Жизнь у Полины Абрамовны, как в песне «Ой, полным-полна моя коробушка». Холодильник ломится, в серванте стекло чешское, ковёр, как в старой квартире на Фурцевой, четыре русских канала по телевизору, подруги любимые, занятия по интересам, и главное – кавалер, брюнет белозубый итальянских кровей – рояль фирмы Фациоли. Блестит, ни пылинки на его полированной поверхности – результат её заботы о нём.

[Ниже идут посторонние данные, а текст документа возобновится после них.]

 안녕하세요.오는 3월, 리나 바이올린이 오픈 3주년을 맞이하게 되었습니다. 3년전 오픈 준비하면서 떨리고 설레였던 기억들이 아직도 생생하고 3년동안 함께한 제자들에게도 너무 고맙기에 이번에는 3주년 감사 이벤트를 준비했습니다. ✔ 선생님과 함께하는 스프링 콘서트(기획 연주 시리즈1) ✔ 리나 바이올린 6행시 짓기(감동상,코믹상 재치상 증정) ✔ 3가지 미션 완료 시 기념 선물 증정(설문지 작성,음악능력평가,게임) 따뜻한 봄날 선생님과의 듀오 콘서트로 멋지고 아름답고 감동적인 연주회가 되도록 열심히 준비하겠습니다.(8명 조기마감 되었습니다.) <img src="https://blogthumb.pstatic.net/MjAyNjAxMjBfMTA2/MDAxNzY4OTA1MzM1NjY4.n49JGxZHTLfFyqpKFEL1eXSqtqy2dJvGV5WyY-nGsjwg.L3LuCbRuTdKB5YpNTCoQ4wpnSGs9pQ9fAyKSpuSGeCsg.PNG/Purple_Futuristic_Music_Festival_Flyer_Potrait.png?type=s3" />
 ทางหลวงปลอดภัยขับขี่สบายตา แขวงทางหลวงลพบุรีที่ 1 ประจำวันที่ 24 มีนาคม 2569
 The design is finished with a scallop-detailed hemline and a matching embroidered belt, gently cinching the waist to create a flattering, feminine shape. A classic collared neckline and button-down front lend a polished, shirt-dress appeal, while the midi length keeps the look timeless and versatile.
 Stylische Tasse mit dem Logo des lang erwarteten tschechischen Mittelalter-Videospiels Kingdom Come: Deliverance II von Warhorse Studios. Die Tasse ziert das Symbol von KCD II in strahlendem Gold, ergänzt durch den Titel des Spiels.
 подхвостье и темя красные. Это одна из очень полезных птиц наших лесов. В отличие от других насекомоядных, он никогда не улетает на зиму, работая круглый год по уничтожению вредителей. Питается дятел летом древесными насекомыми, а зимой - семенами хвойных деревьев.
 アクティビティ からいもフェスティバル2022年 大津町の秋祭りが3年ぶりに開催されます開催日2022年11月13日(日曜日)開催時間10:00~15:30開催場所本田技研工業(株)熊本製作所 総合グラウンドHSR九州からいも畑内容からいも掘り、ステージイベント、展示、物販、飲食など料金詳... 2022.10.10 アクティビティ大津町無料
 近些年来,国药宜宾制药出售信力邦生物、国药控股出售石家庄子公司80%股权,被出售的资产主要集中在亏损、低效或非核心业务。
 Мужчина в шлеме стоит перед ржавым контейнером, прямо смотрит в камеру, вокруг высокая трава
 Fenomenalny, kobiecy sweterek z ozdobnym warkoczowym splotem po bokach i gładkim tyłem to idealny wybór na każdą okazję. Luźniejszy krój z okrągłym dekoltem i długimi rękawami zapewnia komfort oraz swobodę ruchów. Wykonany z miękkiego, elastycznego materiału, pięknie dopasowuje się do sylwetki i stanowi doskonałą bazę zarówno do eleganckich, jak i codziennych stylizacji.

К сожалению, союз с итальянцем длился недолго… Разлучили злые люди. А как старалась! Если и сбивалась, то переигрывала заново и погромче, как бы извиняясь. Люди дверью в зал туда-сюда хлопают, заглядывают, руками машут, улыбаются. «Нравится! Громче просят!» – радовалась Полина Абрамовна и давай по клавишам пуще прежнего. Головой трясёт, аппарат слуховой падает, сняла – без него даже лучше.
Ван Людвиг глухой был, а какую музыку сочинил, и я справлюсь – у меня репэртуар попроще.
Как же я хорошо отыграла сегодня!
Взволнованная, она долго не могла уснуть. Под утро Полину Абрамовну сморило.
К ней подошёл Фабрицио – маэстро, загорелый высокий брюнет с тонким лицом, обрамлённым тронутыми сединой баками. Элегантный, как рояль! Он взял её за руку и под аплодисменты проводил к инструменту. В зале был аншлаг. Полина Абрамовна заиграла арию Тореадора. О, как божественно он пел! Если есть счастье – это оно! Как ни любила Володю, а к Фабрицио ушла бы без сомнений.
Последний аккорд, овации, цветы летят на сцену. Восторг переполняет Полину, и в этот момент из-за занавеса вылез палец и погрозил ей.
«Вовка!»
Полина проснулась. Она изменила ему с Фабрицио. Точно знала, что изменила. И ей, о Господи, не стыдно! Как же так?! И откуда этот Фабрицио взялся? И имя-то странное, сроду ни о каких Фабрицио она не слышала. Полина Абрамовна ещё какое-то время лежала в кровати, обдумывая случившееся.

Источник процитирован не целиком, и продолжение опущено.